U.S. District Judge James E. Boasberg in Washington, D.C., on Thursday denied the Humane Society of the United States' request to stop the killing at the Bonneville Dam while a lawsuit challenging the program goes forward. But he limited the killing to 30 animals a year instead of the 92 authorized by federal authorities, and ordered that none of them may be shot. 


"Obviously we are very disappointed that this program was not halted," said Sharon Young, marine issues field director of the Humane Society. "But, we are grateful that the court put some restraints on it."

It was the group's third attempt to permanently halt the killings since they started in 2008.

The floating traps are out and if any of the 92 California sea lions branded as regular salmon eaters are seen inside them, the gates will be sprung, and the animals killed by lethal injection, said Oregon Department of Fish and Wildlife spokeswoman Jessica Sall. She said they have no plans to shoot any animals. California sea lions that hang around the dams eating salmon, and refuse to leave despite hazing by rubber bullets and firecrackers, go on a kill list.

Adult salmon and steelhead returning to spawn get bottled up at the fish ladders over Bonneville, located east of Portland, Ore. California sea lions, which are federally protected as marine mammals, but not as threatened or endangered species, swim about 145 miles upriver to the dam to feed on the fish in the spring.

Since 2008, 28 sea lions have been killed and 10 placed in institutions under similar salmon-protection programs overseen by the Fisheries Service.
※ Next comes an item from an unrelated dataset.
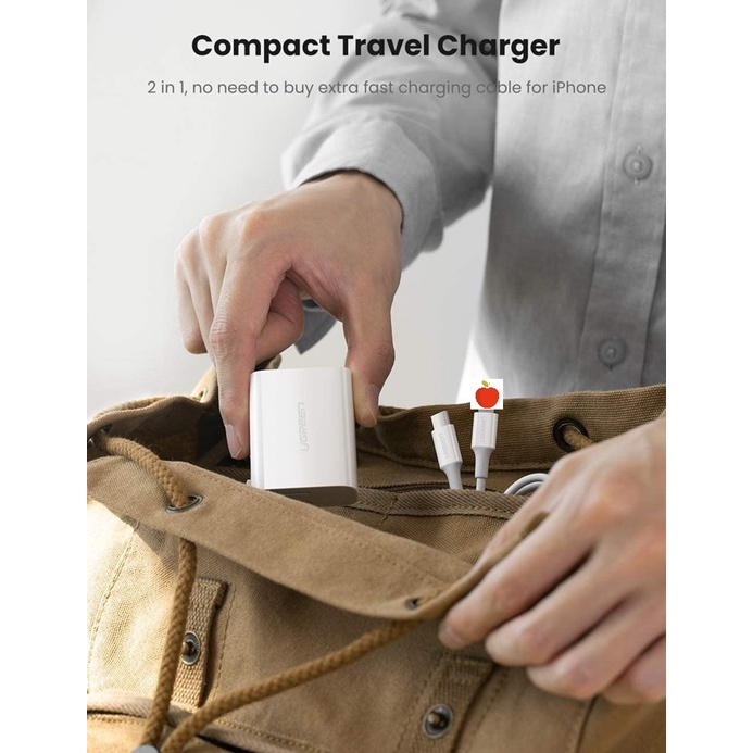 Bộ sạc nhanh Ugreen USB C 20W PD cho i/Phone - 70293

The limits imposed by the judge should not pose a problem, Sall said. The department did not anticipate killing more than 30 animals in any one year. Over the past four years, only 41 have been trapped and killed or sent to a zoo or aquarium. The current authorization from the National Oceanic and Atmospheric Administration's Fisheries Service is good for four years.
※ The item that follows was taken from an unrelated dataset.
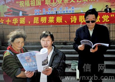 昨日上午10時(shí)30分,菜販鄧成友利用星期一買(mǎi)菜人少的時(shí)間,帶上自己親手寫(xiě)的“60華誕贊黨歌”, 在東風(fēng)廣場(chǎng)工人文化宮為群眾放聲朗誦,以表自己對(duì)黨和國(guó)家的熱愛(ài),同時(shí)也為祖國(guó)的60華誕獻(xiàn)上他最真摯的祝福。

The Humane Society lawsuit contends that the Fisheries Service erred when it decided that sea lions eating up to 4.2 percent of the fish passing over the dam amounted to a significant obstacle to the restoration of endangered salmon, when fishermen are allowed to take up to 17 percent. It adds that killing sea lions will have no effect on restoring salmon, which face a greater threat from fishermen and predation by walleye and bass introduced into the river for sport fishermen to catch.

The department, a co-defendant in the case, counters that while sea lions kill some protected salmon, fishermen are only allowed to kill hatchery-bred fish. The department says it is able to estimate how many wild fish die after being released, and to shut down the season if necessary.
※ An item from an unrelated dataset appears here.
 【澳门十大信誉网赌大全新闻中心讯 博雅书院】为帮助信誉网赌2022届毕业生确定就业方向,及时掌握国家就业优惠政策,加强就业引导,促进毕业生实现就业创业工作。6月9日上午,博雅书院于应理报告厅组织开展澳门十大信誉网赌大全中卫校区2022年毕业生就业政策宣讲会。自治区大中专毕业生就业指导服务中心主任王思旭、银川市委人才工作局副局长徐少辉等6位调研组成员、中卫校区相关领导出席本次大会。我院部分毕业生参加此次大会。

Salmon returns to the Columbia Basin in Oregon, Washington, Idaho and Montana have declined steadily from harm caused by dams, logging, agriculture and urban development since settlement of the region began in the 1840s. Only a small percentage of the fish are wild, with the great majority produced in hatcheries. There are 14 different types of wild salmon and steelhead in the Columbia Basin protected by the Endangered Species Act.

The Associated Press and Reuters contributed to this report.